National Income Accounting
National income accounting is the system used to measure a country's total economic activity over a year. It gives us vital statistics like GDP, GNP, NNP, and National Income — all interconnected measures.
Key Aggregates and Definitions
Gross Domestic Product (GDP): Market value of all final goods and services produced within the domestic territory of a country during an accounting year. "Final" means goods for ultimate use, not raw materials used in further production (to avoid double counting).
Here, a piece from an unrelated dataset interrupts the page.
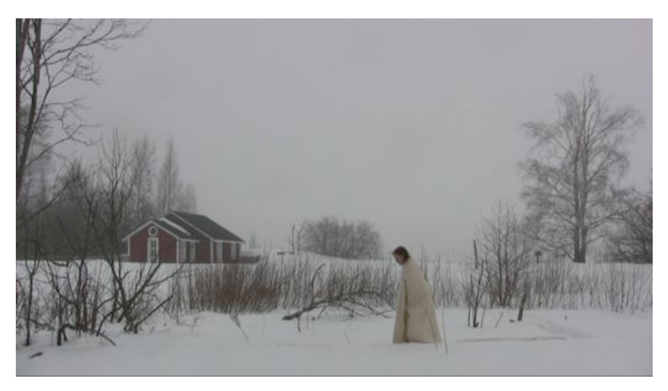
Round the Tiger. Video Still, 2011 Image Credit: Annette Arlander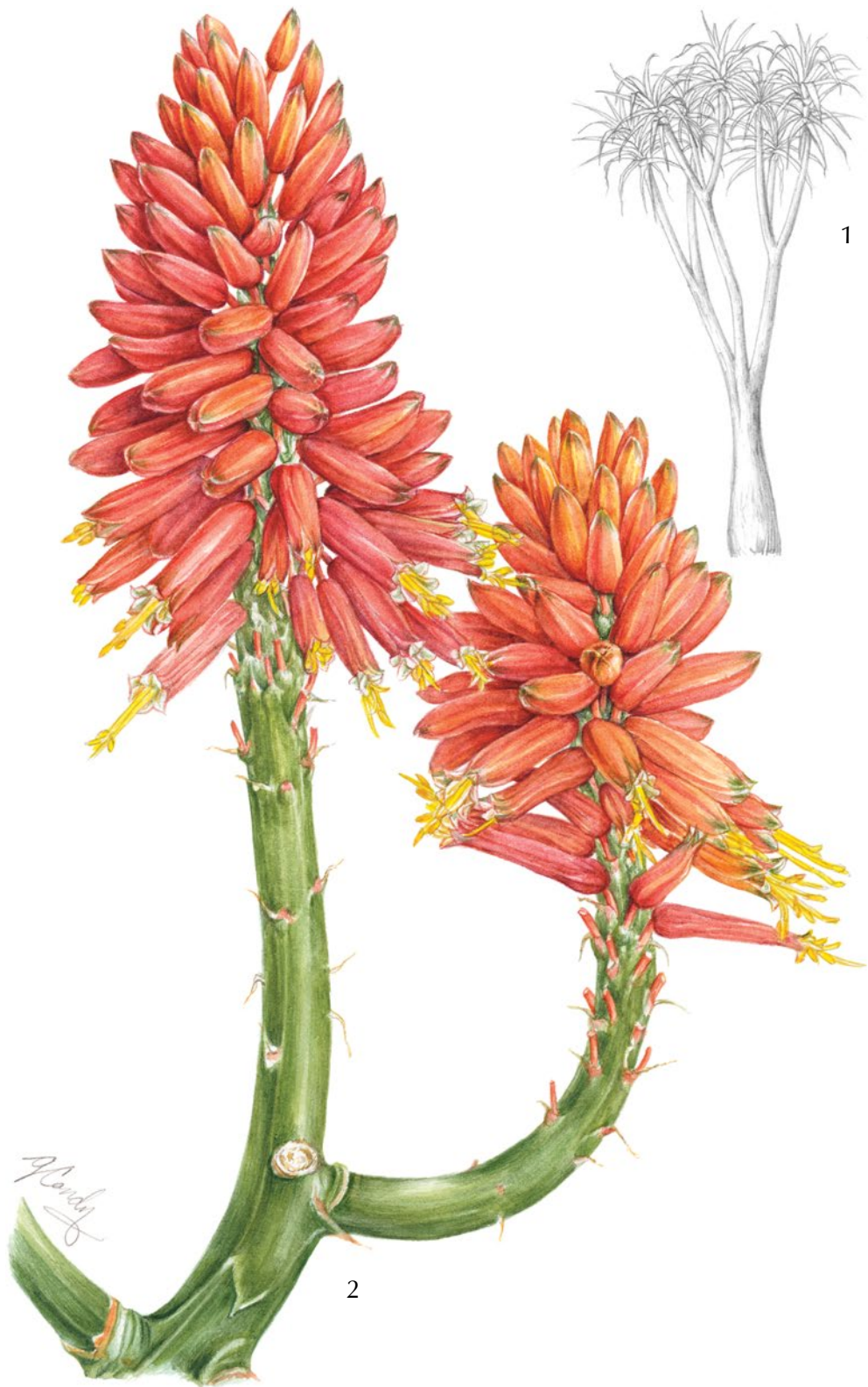
PLATE 2342 Aloidendron barberae

Gross National Product (GNP): GDP plus Net Factor Income from Abroad (NFIA).
GNP = GDP + NFIA
NFIA = Factor income earned by residents abroad - Factor income paid to non-residents in the country.
Net National Product (NNP): GNP minus depreciation (Consumption of Fixed Capital).
NNP = GNP - Depreciation
National Income (NI) = NNP at Factor Cost: NNP at market prices minus Net Indirect Taxes.
NI = NNPMP - Net Indirect Taxes
Net Indirect Taxes = Indirect Taxes - Subsidies
Personal Income and Disposable Income:
Personal Income = NI - Retained Earnings - Corporate Tax + Transfer Payments
Disposable Income = Personal Income - Personal Taxes
Three Methods of Measuring National Income
1. Value Added Method (Product Method):
Sum of value added by all producing units in the economy.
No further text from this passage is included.